• WORK REQUIRED
Transcribe the records in full; omit images.

* * * * *

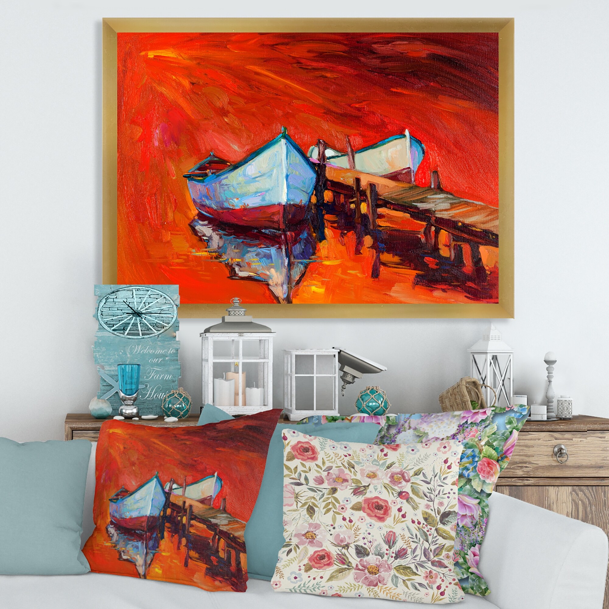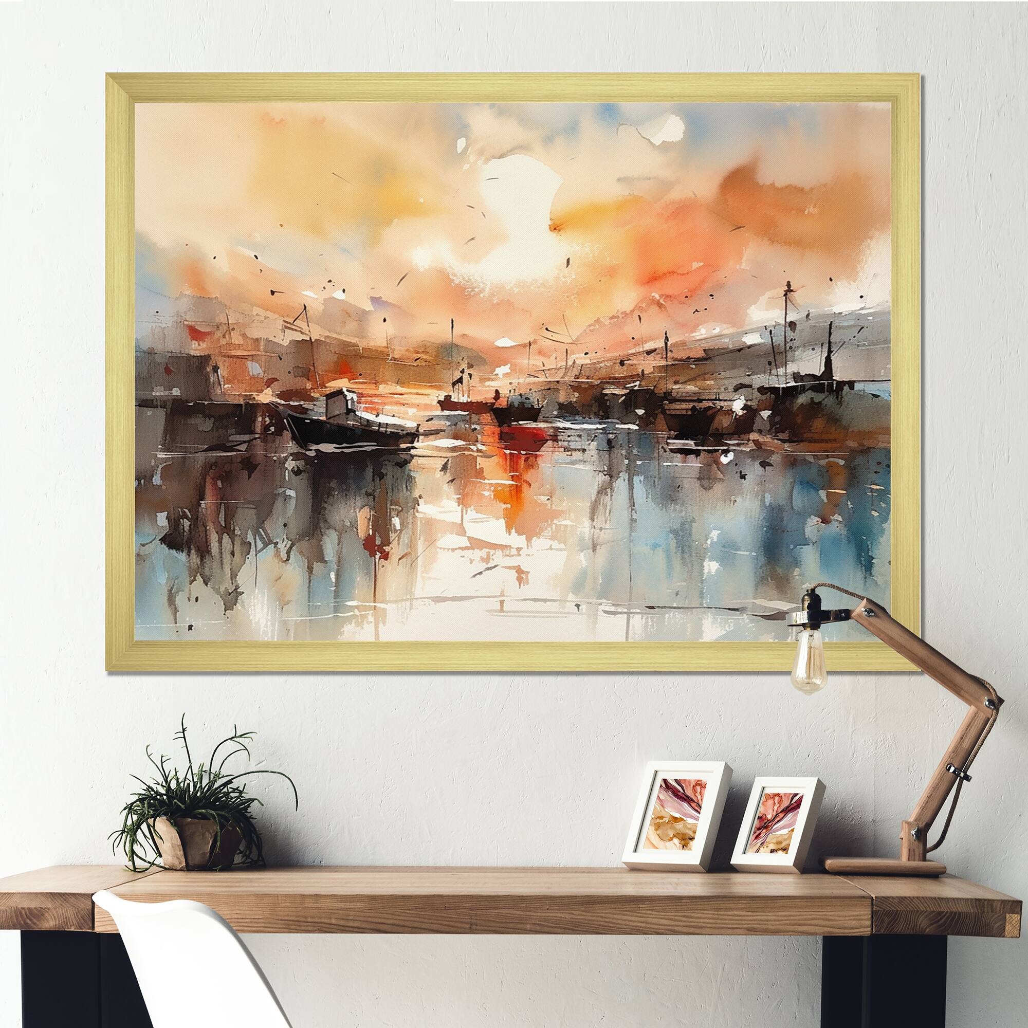 Designart "Orange And Brown Harbor Reflections" Coastal Boat Framed Canvas Art Print
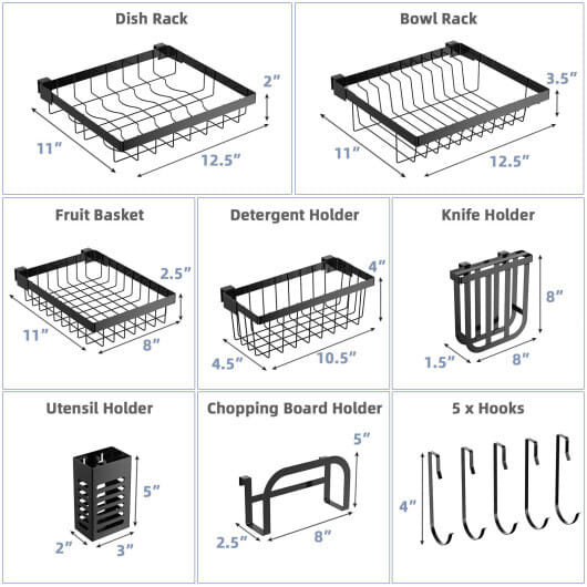 - ● 4 baskets chopping board and utensil and knife holder and 5 hooks meet your storage needs
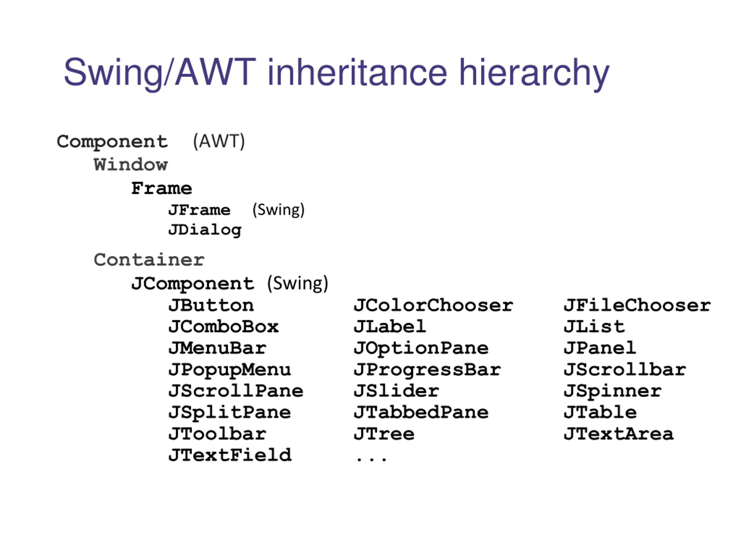 Swing/AWT inheritance hierarchy Component (AWT) Window Frame JFrame(Swing) JDialog Container JComponent(Swing) JButton JColorChooser JFileChooser JComboBox JLabel JList JMenuBar JOptionPane JPanel JPopupMenu JProgressBar JScrollbar JScrollPane JSlider JSpinner JSplitPane JTabbedPane JTable JToolbar JTree JTextArea JTextField ...
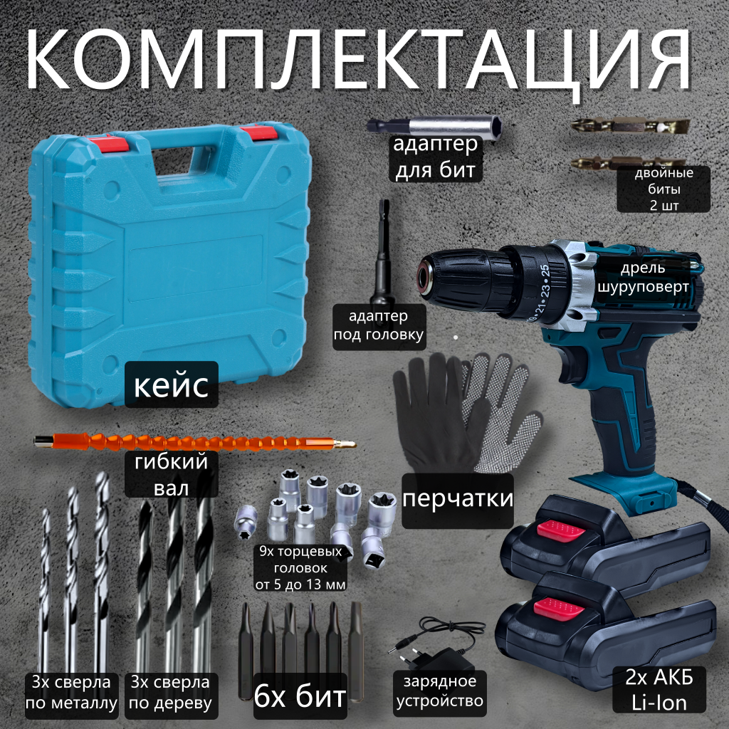 Дрель-шуруповерт аккумуляторный, 21 В, 2 АКБ, кейс, Синий (комплект, набор инструментов) информация:
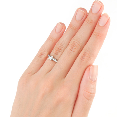 Кольцо с 1 бриллиантом природным, 0.19 карат, огранка круг 57 граней, цвет 3, чистота 6, тип огранки А; 10 бриллиантами природными, 0.03 карат, огранка круг 57 граней, цвет 3, чистота 6, тип огранки А; Платина 950 пробы.
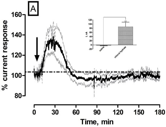 Systemic administration of the non-volatile anaesthetic chloral hydrate was utilised to investigate its effect on striatal O2. The anaesthetic response has been previously characterized using the amperometric O2 sensors in freely moving rats with a long lasting increase in current recorded over a number of hours []. It causes general CNS depression by rapidly metabolising into trichloroethanol and trichloroacetic acid. The chloral hydrate effect on suppressing neuronal activity is quick, resulting in a large increase in O2 current due to the supply of O2 from the vasculature exceeding its utilisation. The averaged raw data % current trace following the systemic administration of 350 mg·kg−1 chloral hydrate is illustrated in Figure 4A. A significant increase (p < 0.05) in current was observed (87 ± 22 nA, n = 5) in comparison to pre-injection baseline levels of 201 ± 10 nA and against saline controls (p < 0.01, see Figure 4A inset). This current change reached a maximum level after 13 ± 2 min and corresponded to % change of 40% ± 15% and concentration change of 51 ± 13 µM based on pre-calibration data.
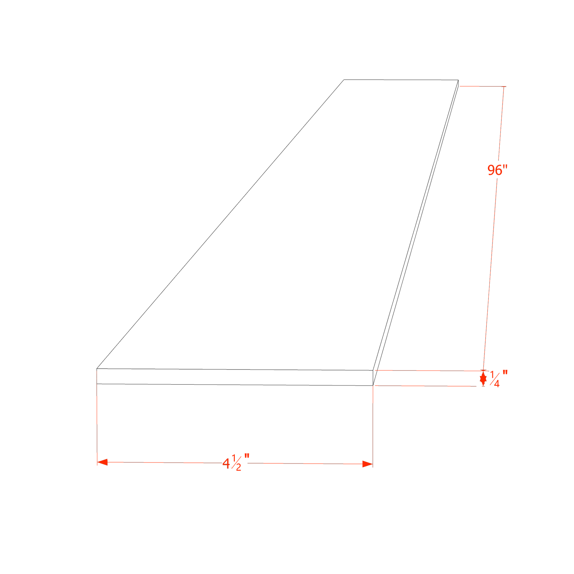 - Dimensions: 4-1/2"W x 96"L x 1/4"T
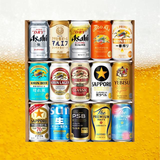 ビールギフト 国産ビール 飲み比べ 15本セット 詰め合わせ スーパードライ マルエフ 生ジョッキ缶 グッドエール 一番搾り 晴れ風 キリンラガー クラシックラガー 黒ラベル エビス ナナマル サン生 PSB プレモル 香るエール 缶ビール ギフトセット 内祝い お返し 男性

* * * * *

• WRITTEN RESPONSE
 Designart "Orange And Brown Harbor Reflections" Coastal Boat Framed Canvas Art Print
 - ● 4 baskets chopping board and utensil and knife holder and 5 hooks meet your storage needs
 Swing/AWT inheritance hierarchy Component (AWT) Window Frame JFrame(Swing) JDialog Container JComponent(Swing) JButton JColorChooser JFileChooser JComboBox JLabel JList JMenuBar JOptionPane JPanel JPopupMenu JProgressBar JScrollbar JScrollPane JSlider JSpinner JSplitPane JTabbedPane JTable JToolbar JTree JTextArea JTextField ...
 Дрель-шуруповерт аккумуляторный, 21 В, 2 АКБ, кейс, Синий (комплект, набор инструментов) информация:
 Кольцо с 1 бриллиантом природным, 0.19 карат, огранка круг 57 граней, цвет 3, чистота 6, тип огранки А; 10 бриллиантами природными, 0.03 карат, огранка круг 57 граней, цвет 3, чистота 6, тип огранки А; Платина 950 пробы.
 Systemic administration of the non-volatile anaesthetic chloral hydrate was utilised to investigate its effect on striatal O2. The anaesthetic response has been previously characterized using the amperometric O2 sensors in freely moving rats with a long lasting increase in current recorded over a number of hours []. It causes general CNS depression by rapidly metabolising into trichloroethanol and trichloroacetic acid. The chloral hydrate effect on suppressing neuronal activity is quick, resulting in a large increase in O2 current due to the supply of O2 from the vasculature exceeding its utilisation. The averaged raw data % current trace following the systemic administration of 350 mg·kg−1 chloral hydrate is illustrated in Figure 4A. A significant increase (p < 0.05) in current was observed (87 ± 22 nA, n = 5) in comparison to pre-injection baseline levels of 201 ± 10 nA and against saline controls (p < 0.01, see Figure 4A inset). This current change reached a maximum level after 13 ± 2 min and corresponded to % change of 40% ± 15% and concentration change of 51 ± 13 µM based on pre-calibration data.
 - Dimensions: 4-1/2"W x 96"L x 1/4"T
 ビールギフト 国産ビール 飲み比べ 15本セット 詰め合わせ スーパードライ マルエフ 生ジョッキ缶 グッドエール 一番搾り 晴れ風 キリンラガー クラシックラガー 黒ラベル エビス ナナマル サン生 PSB プレモル 香るエール 缶ビール ギフトセット 内祝い お返し 男性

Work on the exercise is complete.